The most recent statistical data on the employment situation of residents with foreign background is found in the Ministry of Employment and the Economy’s employment service statistics that are compiled monthly from the registers of the Employment and Economic Development Offices. In December 2020, the unemployment rate in Helsinki was 24.7 per cent among foreign-mother-tongue residents and 14.5 per cent among the population as a whole. The 13,513 foreign-mother-tongue unemployed made up no less than 26 per cent of all unemployed people in Helsinki.

The most recent register-based statistical data on the employment and unemployment of residents with foreign background are found in Statistics Finland’s employment statistics. At the end of 2019, the unemployment rate of residents with foreign background in Helsinki was 17.0 per cent and their employment rate among 20–64 year-olds 58.0 per cent. The unemployment rate of residents with Finnish background was 7.5 per cent and the employment rate 78.1 per cent. The registers include some people who in reality no longer live in Finland, which reduces the employment rate of residents with foreign background to some extent.

Elsewhere in the Helsinki Region the unemployment rate of residents with foreign background was 14.7 per cent, and their employment rate among 20–64-year-olds was 62.5 per cent. Elsewhere in Finland, the proportions were 20.0 per cent and 56.0 per cent.

At the end of 2019 the number of unemployed residents with foreign background in Helsinki was 9,281, of whom half were men. The number was 400 persons fewer than the previous year, and the unemployment rate declined. In 2019 the unemployment rates of population with foreign background were at the same level than in 2011.
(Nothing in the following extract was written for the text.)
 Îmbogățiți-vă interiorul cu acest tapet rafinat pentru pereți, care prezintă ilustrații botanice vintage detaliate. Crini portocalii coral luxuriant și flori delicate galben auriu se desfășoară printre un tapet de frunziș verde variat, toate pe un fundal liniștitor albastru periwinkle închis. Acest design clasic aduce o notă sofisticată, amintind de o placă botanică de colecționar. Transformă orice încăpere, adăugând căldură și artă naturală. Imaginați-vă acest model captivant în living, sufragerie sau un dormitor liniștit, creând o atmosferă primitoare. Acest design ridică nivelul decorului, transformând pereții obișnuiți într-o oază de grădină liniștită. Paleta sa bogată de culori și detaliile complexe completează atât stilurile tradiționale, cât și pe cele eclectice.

The employment rate of 20–64-year-old population with foreign background was 62.4 per cent among men and 52.8 among women. The employment rate of men is highest in the age group of 30–44-year olds and that of women in the age group of 45–54-year-olds. The employment rates of residents with foreign and Finnish background differ more among women than men.

Higher education does not protect residents with a foreign mother tongue from unemployment as efficiently as Finnish- and Swedish-speaking residents. The unemployment rate among residents with a foreign mother tongue remains fairly constant regardless of their education.
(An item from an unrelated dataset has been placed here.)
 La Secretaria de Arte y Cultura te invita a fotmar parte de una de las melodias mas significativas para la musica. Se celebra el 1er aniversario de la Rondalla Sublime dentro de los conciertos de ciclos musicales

The employment situation of residents with foreign background varies greatly with background country. While some nationality groups have come to Finland mainly in search of work, others have come as refugees. Residents with refugee background have had more difficulties in finding a job than other people. Those born in Sweden and Estonia as well as elsewhere in the Western Europe had the highest employment rate.

At the end of the year 2018, half of employed population with foreign background in Helsinki were employed in either administration and support services, health or social care services, accommodation and food services or construction.

The statistical occupational groups of “service or sales workers” and “professionals” were prominent in the occupational structure of both foreign- and Finnish-background Helsinki residents. Professionals included, for example, university teachers and application planners.

In many occupational groups, the proportion of foreign-background employees is considerable. In 2018 this proportion was more or less 50 per cent among office and establishment cleaners as well as bus or tram drivers and house builders.